When I go to the new view, i.e the landing page, I lose my authentication. When I trace request.user, I get the admin user I used while creating my Django project. I would expect the Django_auth ecosystem to do all this for me but maybe I am wrong.

I am not sure whether I should place the user in a session because I could not find anywhere on Google where people use Django's LDAP and Session together.
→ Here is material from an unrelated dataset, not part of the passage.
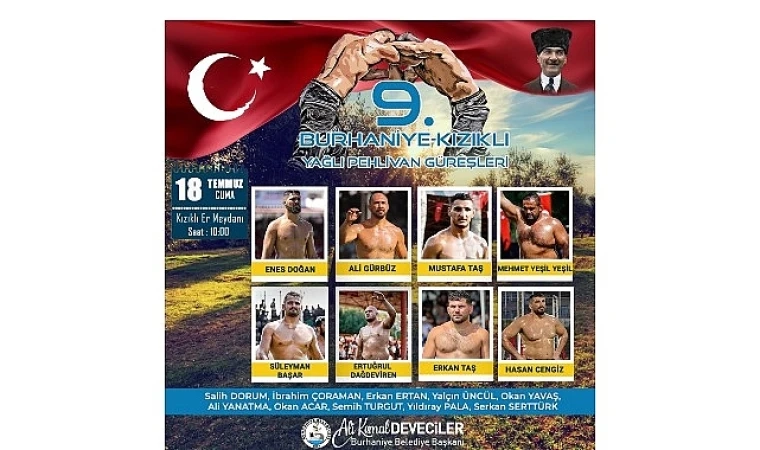 Burhaniye Belediye Başkanı Ali Kemal Deveciler’in ev sahipliğinde düzenlenecek güreşlerde, Türkiye’nin önde gelen baş ve başaltı yağlı güreş pehlivanlarının yanı sıra, birçok farklı boyda pehlivanlar da er meydanına çıkacak. Bu yılki güreşlerde; Enes Doğan, Ali Gürbüz, Mustafa Taş, Mehmet Yeşil Yeşil, Süleyman Başar, Ertuğrul Dağdeviren, Erkan Taş ve Hasan Cengiz gibi tanınmış başpehlivanlar mücadele edecek.

I would appreciate any help from the gurus out there.

Thanks.

Edit with actual code:

def login(request):
    error = False
    DN = 'None'
    user = 'None'
    user_attr = 'None'
    if request.method == 'POST': #if form has been submitted
        DN = request.POST['login']
        PWD = request.POST['password']
        DN_FULL_EMAIL = DN + '@'+user_domain+'.mysite.com'
        print 'DN_FULL_EMAIL', DN_FULL_EMAIL
        try:
            l = ldap.initialize('ldap://mysite.com:3268')
            print 'bind_res = ' , l.simple_bind_s(DN_FULL_EMAIL, PWD)
            BASE_DN = 'DC=eng,DC=mysite,DC=com'
            SCOPE = ldap.SCOPE_SUBTREE
            Filter = '(&(objectClass=person)(sAMAccountName='+DN+'*)(objectClass=organizationalPerson)(objectClass=user))'
            Attrs = ['displayName', 'employeeID'] #The only data we need

            r= l.search_ext(BASE_DN, SCOPE, Filter, Attrs)
            Type, user = l.result(r,10)
            if user :
                Name, Attrs = user[0]
                if hasattr(Attrs, 'has_key') and Attrs.has_key('displayName') and Attrs.has_key('employeeID'):
                    displayName = Attrs['displayName'][0]
                    WWID = Attrs['employeeID'][0]
                request.user = user
                user_attr = Attrs
                return HttpResponseRedirect('/', {  'user' : user,
                                                    'user_attr' : user_attr
                                                })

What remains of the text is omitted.